Here are a couple more photos of the center part of the tank showing some of the lilaeopsis coming through the riccia and right side. It seems like if I could put something between the two left rocks that it might balance things a little better.

Roger Miller

------------
_"The indispensible first step to getting the things you want out of life is this: Decide what you want" -- Ben Stein_


----------



## mm12463

Wow! That is all I have to say. That is a great tank Roger. Were do you get that much riccia? Do you have to keep grooming it to keep it looking like that?

Don't know about what to place on the right side. I can't scape my own tanks very well.
Mike
http://fish.silver-fox.us


----------



## Paul Higashikawa

Illustration accomplished........successfully! Once again, you inspired me greatly







Now I am tormented with myself as to whether I should redo my 10-gal or leave as it is

Paul


----------



## skylsdale

It seems like the left side is completely isolated from the rest of the tank. You need something in the center and right that ties the left side into it...and I think the spreading Lileopsis does that. I would continue to let it grow, but as it comes in, trim it into irregular bunches. Maybe a stem or to of the Rotala at the top of the scape, between the left and center rock...and try to trim it to keep it smaller than the main bunch?


----------



## Robert Hudson

OWWWW! Your aquascaping skills have really improved! Thats fantastic! Roger, you enter that in the AGA and I am willing to bet you will be a winner! You even have the Amano ripply water surface!

Robert
King admin
www.aquabotanic.com


----------



## Roger Miller

> quote:
> 
> Originally posted by mm12463:
> Wow! That is all I have to say. That is a great tank Roger. Were do you get that much riccia?


Thanks. All you have to do to get that much riccia is start with a riccia molecule and let it go for a while. I bought a couple golf-ball size wads of riccia early last year and put them into my 150 when I set it up. The riccia got overrun with algae and utricularia (extras that I got with the riccia at no extra cost). I removed what I thought was every last scrap of the riccia. Six months later I found a small wad of it growing underneath some plants at the back of the tank. I took the wad out and floated it in another tank for a while and about a month later I had enough to start that aquascape. It originally had about half as much as the tank has now but it only took about 6 weeks to fill the available floor space. Since then I've been throwing it away.



> quote:
> 
> Do you have to keep grooming it to keep it looking like that?


Yes. I give it a hair cut every weekend then net the scraps off the water. Twice since I set it up (late October) I've had to pick it all up, thin it out and set it back in place.

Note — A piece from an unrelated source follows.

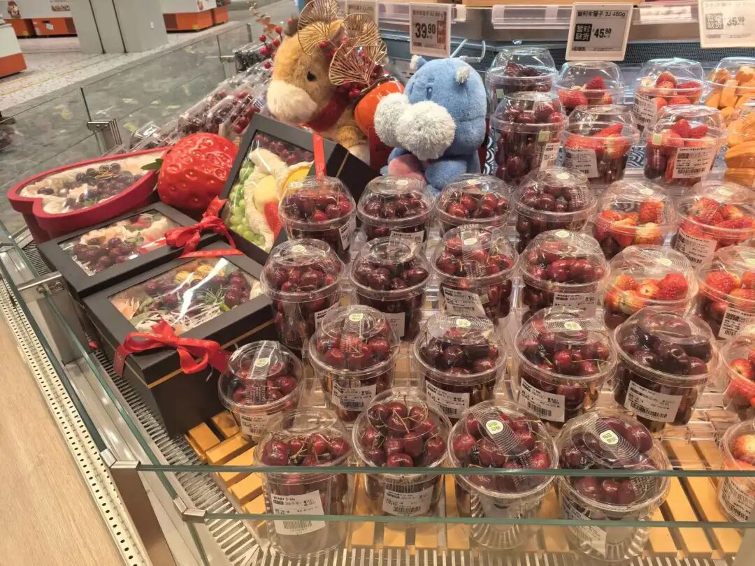 2025年11月,来自南半球的新一季车厘子刚登陆中国市场时,山姆会员店“3J级”智利车厘子售价159.9元/公斤,到了2026年1月,同款产品价格已“腰斩”至79.9元/公斤。在盒马门店,降价趋势更为显著:今年1月促销期间,“2J级”车厘子礼盒叠加返券后售99元/5斤(约合20元/斤),而上个月同等规格产品售价还在180元/5斤左右。

Really, it's one of my lowest-maintenance tanks.



> quote:
> 
> Don't know about what to place on the right side. I can't scape my own tanks very well.


That doesn't stop you from having ideas, does it? As far as aquascaping your own goes; practice, practice, practice.

Roger Miller

------------
_"The indispensible first step to getting the things you want out of life is this: Decide what you want" -- Ben Stein_


----------



## Phil Edwards

Roger,

I agree with Skylsdale, the left side seems out of place. I think the design impression would be best completed by letting the Riccia take over the whole tank. The straight vertical of the Rotala clashes greatly with the gentle green slope of the Riccia. Perhaps a few very well tended "bushes" of Rotala interspersed throughout the green would work better? They'd add an effect akin to dry gymnosperm scrub on the mountainside.

I like the little bits of Lilaeopsis peeking out of the Riccia in the foreground. You've got a very Amanoesque feel going on there. All it needs are a few shrimp and your journey towards the dark side will be complete.









This tank shows that "Sticking with what you know" works really well.

Best,
Phil

/masthead-refined-mini.jpg


----------



## Roger Miller

Phil, Skylsdale,

I agree, the left side does not go with the rest of the 'scape. If there is a saving grace then it's that the left side of the tank is all that's easily viewable. The left side is aesthetically successful -- certainly much more so than the previous arrangment, which was either the empty space or the unadorned equipment. I'm to the point of looking for ways to integrate the left side into the rest of the arrangement.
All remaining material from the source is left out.